Transcribe the records exactly. Pictures do not belong in the transcription.

------ TASK MATERIAL

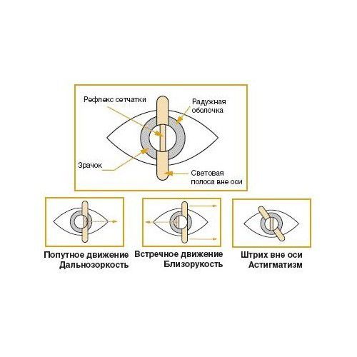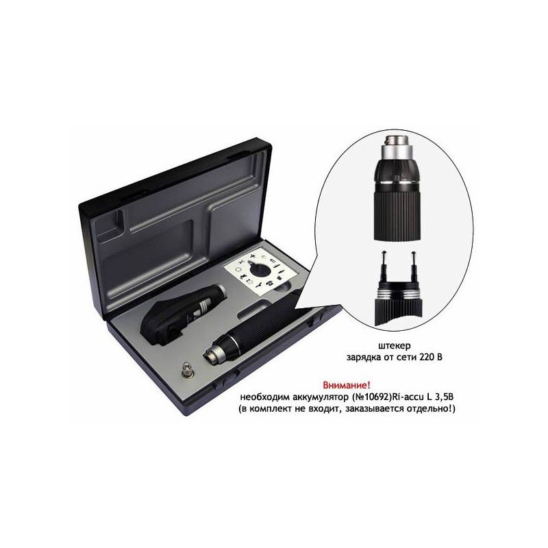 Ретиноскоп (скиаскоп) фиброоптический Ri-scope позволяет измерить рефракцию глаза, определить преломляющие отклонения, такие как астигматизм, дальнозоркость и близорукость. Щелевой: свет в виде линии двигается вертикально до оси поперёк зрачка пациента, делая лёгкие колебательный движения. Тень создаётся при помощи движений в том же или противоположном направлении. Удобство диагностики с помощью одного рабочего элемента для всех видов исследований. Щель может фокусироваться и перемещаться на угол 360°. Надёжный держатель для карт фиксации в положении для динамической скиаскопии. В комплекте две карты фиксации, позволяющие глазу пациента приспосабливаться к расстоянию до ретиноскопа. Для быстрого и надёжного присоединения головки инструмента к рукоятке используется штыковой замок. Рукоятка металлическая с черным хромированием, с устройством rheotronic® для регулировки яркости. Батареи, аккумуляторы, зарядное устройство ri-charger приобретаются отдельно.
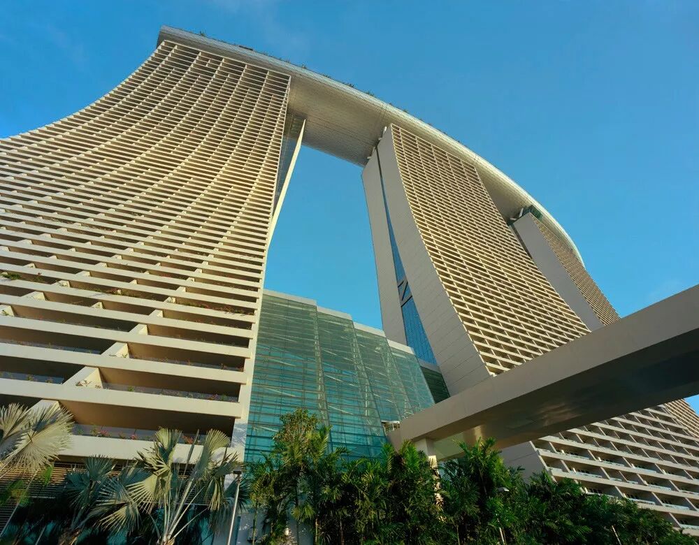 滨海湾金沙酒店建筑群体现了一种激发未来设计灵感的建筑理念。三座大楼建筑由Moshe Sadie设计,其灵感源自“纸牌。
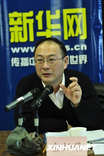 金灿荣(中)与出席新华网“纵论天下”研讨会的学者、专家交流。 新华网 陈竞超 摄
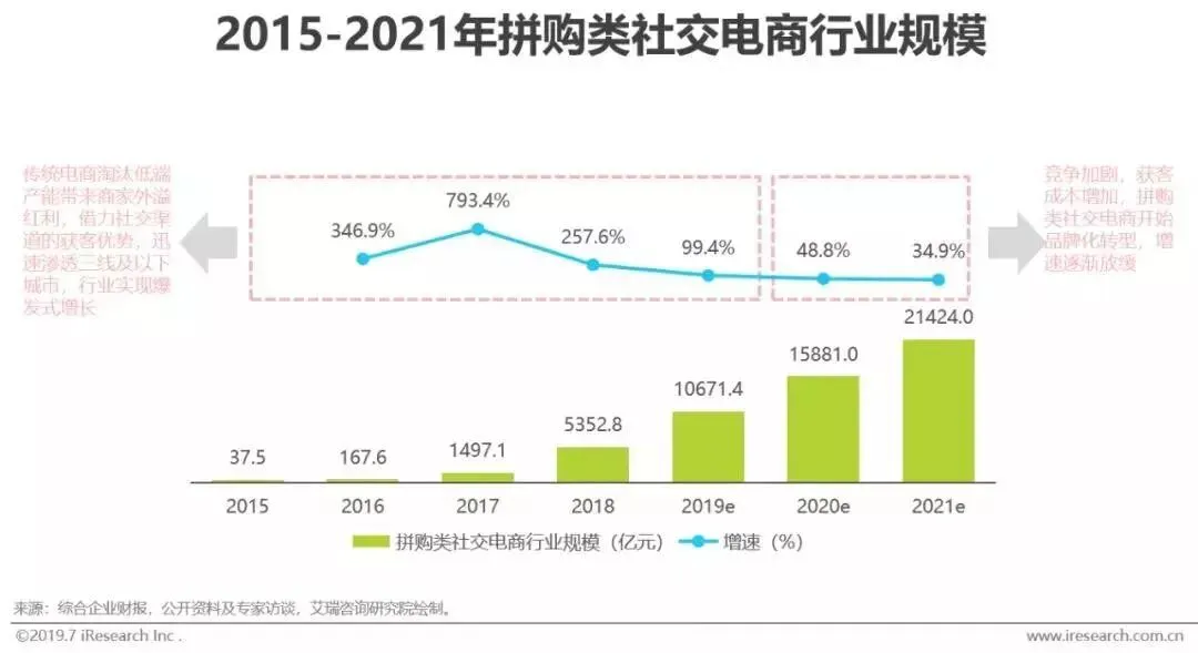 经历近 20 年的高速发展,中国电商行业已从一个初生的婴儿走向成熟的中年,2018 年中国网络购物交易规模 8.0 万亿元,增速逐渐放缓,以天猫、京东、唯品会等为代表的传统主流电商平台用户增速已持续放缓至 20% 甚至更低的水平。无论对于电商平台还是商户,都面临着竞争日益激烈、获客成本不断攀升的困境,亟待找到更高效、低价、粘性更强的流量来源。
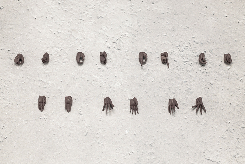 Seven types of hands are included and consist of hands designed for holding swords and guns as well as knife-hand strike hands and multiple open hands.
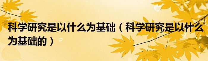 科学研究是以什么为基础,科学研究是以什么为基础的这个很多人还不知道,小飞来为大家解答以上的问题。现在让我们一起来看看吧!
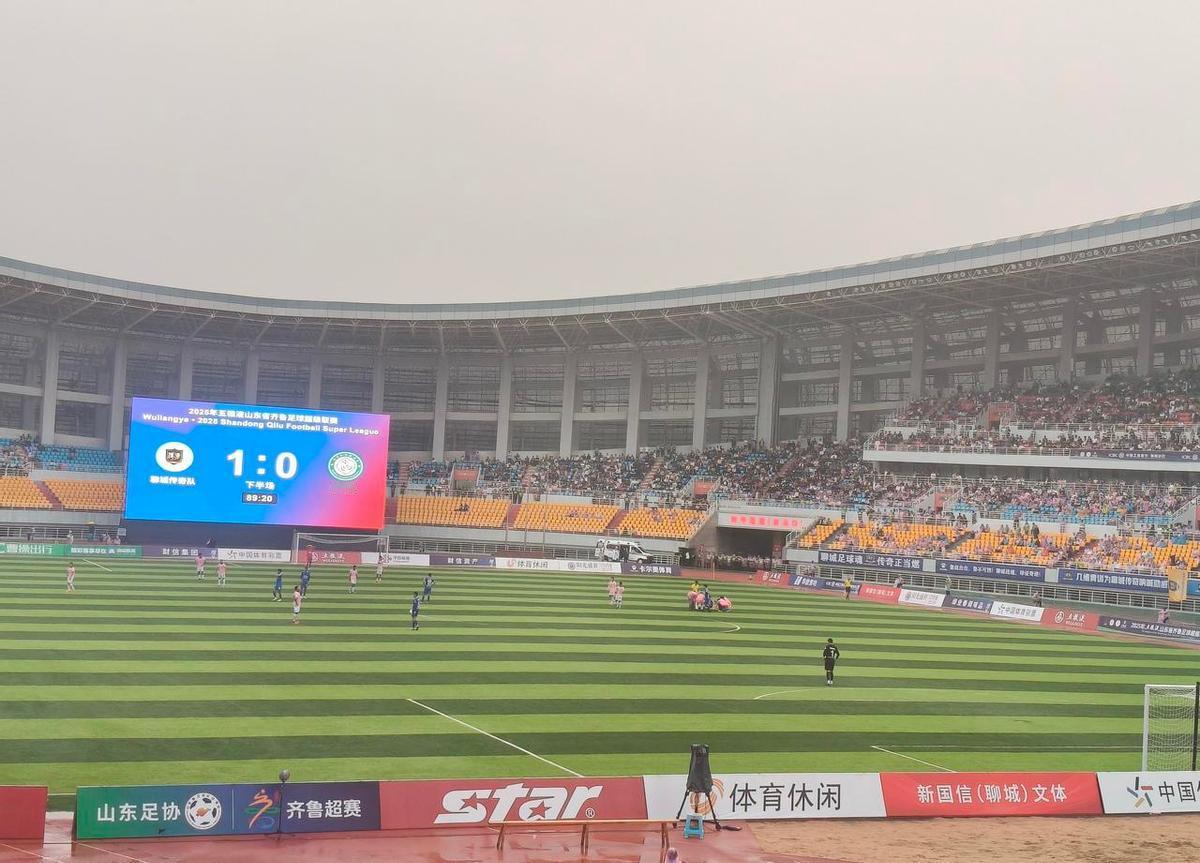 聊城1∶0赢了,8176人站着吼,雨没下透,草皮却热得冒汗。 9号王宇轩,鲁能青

------------

EXERCISE RESULT
 Ретиноскоп (скиаскоп) фиброоптический Ri-scope позволяет измерить рефракцию глаза, определить преломляющие отклонения, такие как астигматизм, дальнозоркость и близорукость. Щелевой: свет в виде линии двигается вертикально до оси поперёк зрачка пациента, делая лёгкие колебательный движения. Тень создаётся при помощи движений в том же или противоположном направлении. Удобство диагностики с помощью одного рабочего элемента для всех видов исследований. Щель может фокусироваться и перемещаться на угол 360°. Надёжный держатель для карт фиксации в положении для динамической скиаскопии. В комплекте две карты фиксации, позволяющие глазу пациента приспосабливаться к расстоянию до ретиноскопа. Для быстрого и надёжного присоединения головки инструмента к рукоятке используется штыковой замок. Рукоятка металлическая с черным хромированием, с устройством rheotronic® для регулировки яркости. Батареи, аккумуляторы, зарядное устройство ri-charger приобретаются отдельно.
 滨海湾金沙酒店建筑群体现了一种激发未来设计灵感的建筑理念。三座大楼建筑由Moshe Sadie设计,其灵感源自“纸牌。
 金灿荣(中)与出席新华网“纵论天下”研讨会的学者、专家交流。 新华网 陈竞超 摄
 经历近 20 年的高速发展,中国电商行业已从一个初生的婴儿走向成熟的中年,2018 年中国网络购物交易规模 8.0 万亿元,增速逐渐放缓,以天猫、京东、唯品会等为代表的传统主流电商平台用户增速已持续放缓至 20% 甚至更低的水平。无论对于电商平台还是商户,都面临着竞争日益激烈、获客成本不断攀升的困境,亟待找到更高效、低价、粘性更强的流量来源。
 Seven types of hands are included and consist of hands designed for holding swords and guns as well as knife-hand strike hands and multiple open hands.
 科学研究是以什么为基础,科学研究是以什么为基础的这个很多人还不知道,小飞来为大家解答以上的问题。现在让我们一起来看看吧!
 聊城1∶0赢了,8176人站着吼,雨没下透,草皮却热得冒汗。 9号王宇轩,鲁能青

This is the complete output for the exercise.